The irony is that Western civilization, the only part of the globe that is truly modern, no longer sees itself as a civilization. All the other ones Huntington identified in his book of that title were and still are defined by religion — Buddhist, Confucian, Islamic, Russian and Greek Orthodox, Spanish Catholic, even Animist. Not the West, which used to see itself as Judeo-Christian, but no longer does. Instead it is proudly secular and proudly multicultural, which means it is paradoxically unable to measure the threat against it. It is critical of its own tradition, but tolerant of all others and especially of others that would do it in. The Western reaction to the Danish cartoons of the prophet Mohammad is an eloquent case in point. Indeed, modern society is the only swath of societies in today's world that does not see itself as a civilization and the only one that appreciates the global reach of modern history.
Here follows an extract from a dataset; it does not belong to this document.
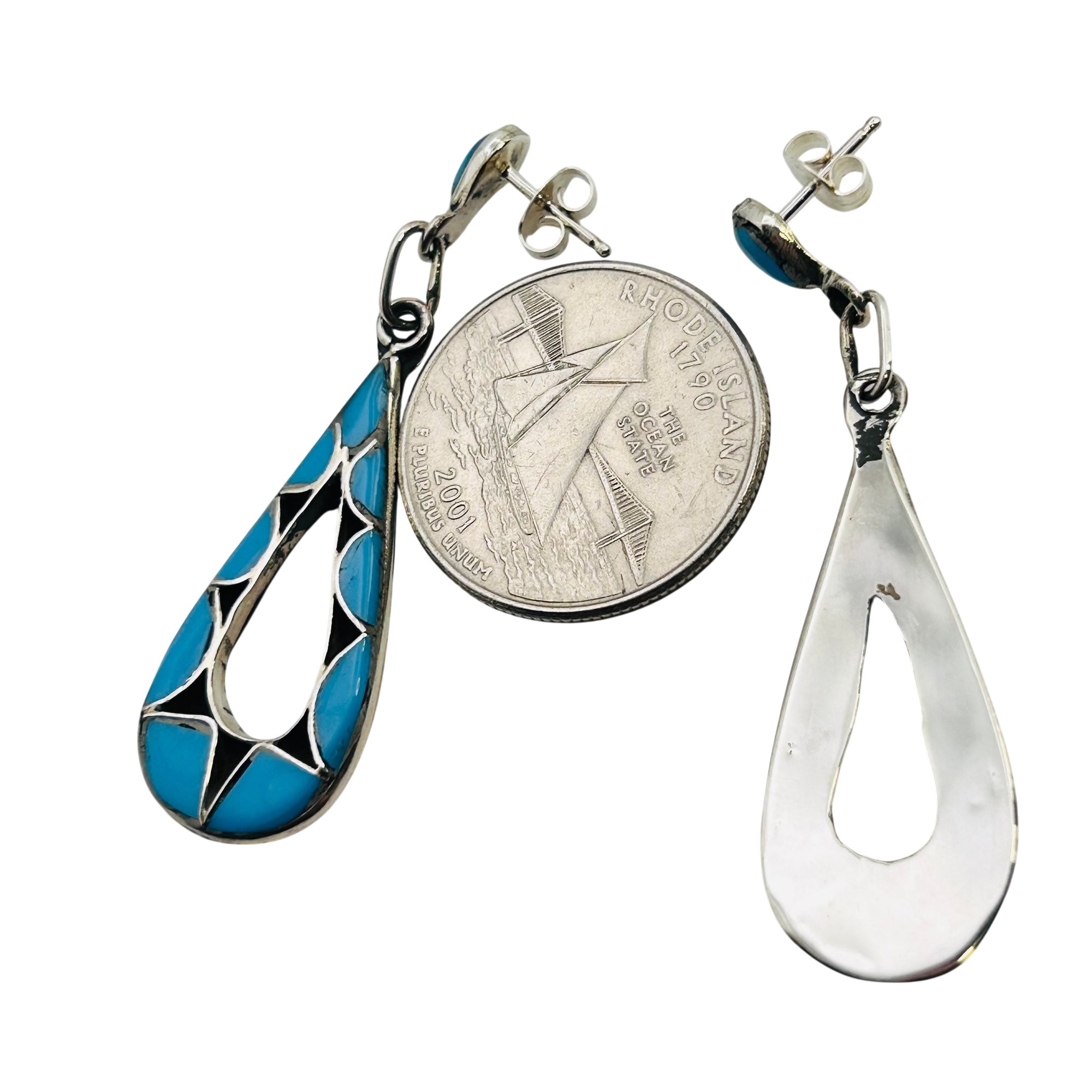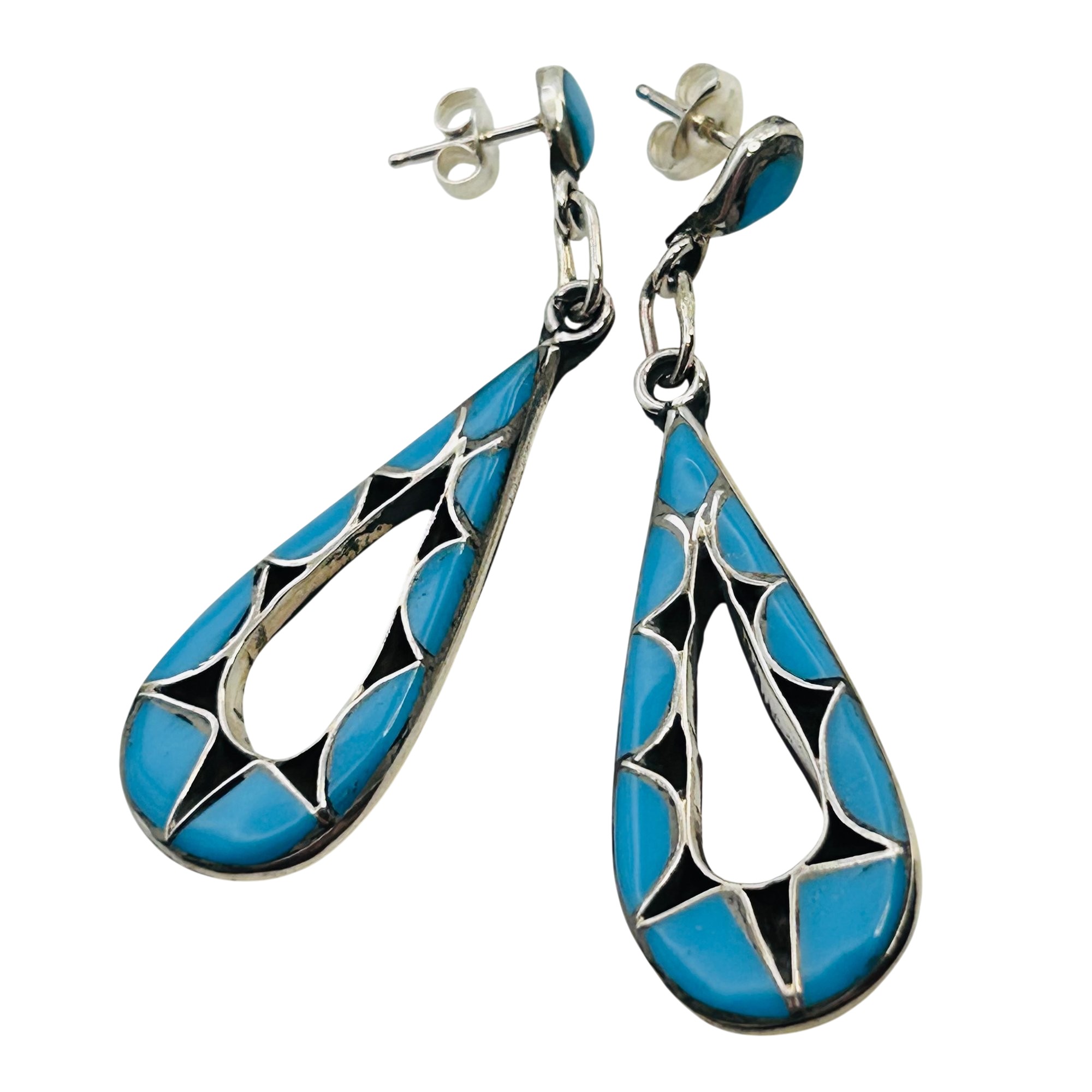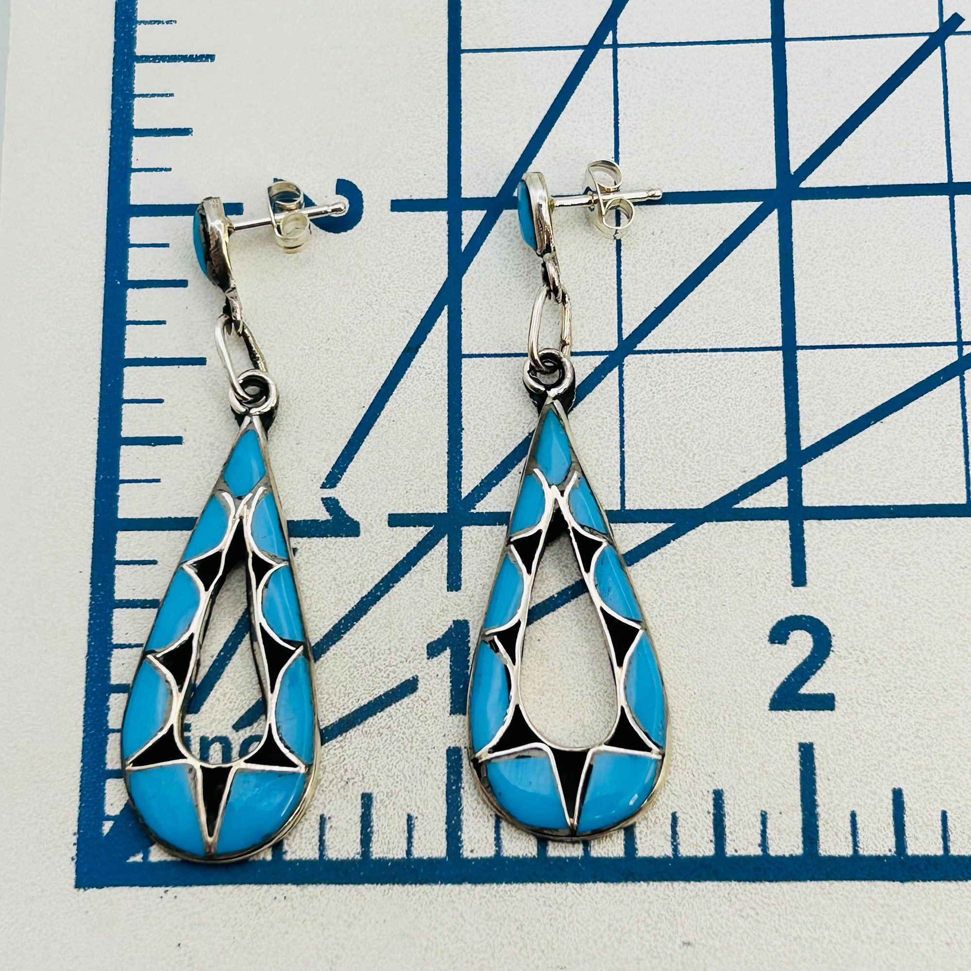 Emma Bowakaty Zuni Sterling Turquoise onyx oval cutout dangle Earrings 5.53grams
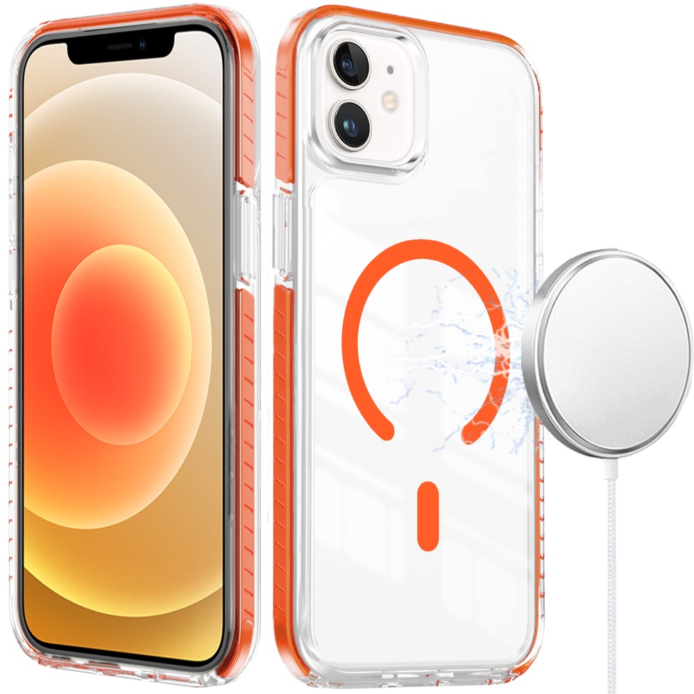 For iPhone 12 & iPhone 12 Pro Thick Transparent Colored Edged Magnetic Hybrid Case - Cosmic Orange

With its face resolutely turned toward the future, it engenders a mental framework that understands everything in terms of the world to come. Islam is peaceful because when the Islamic world finally goes democratic, Islam too will become peaceful. And when Russia finally embraces democracy, it will no longer act as an empire. And when China democratizes, the Dalai Lama will be welcomed in Tibet. In the meantime we treat them as though all we hope has already come to pass, because how could it not? History is on our side, is it not? The new Middle East is already here, however bloody its birth pangs, however much Jewish blood must again flow to make it a reality. Peace in our time, once again.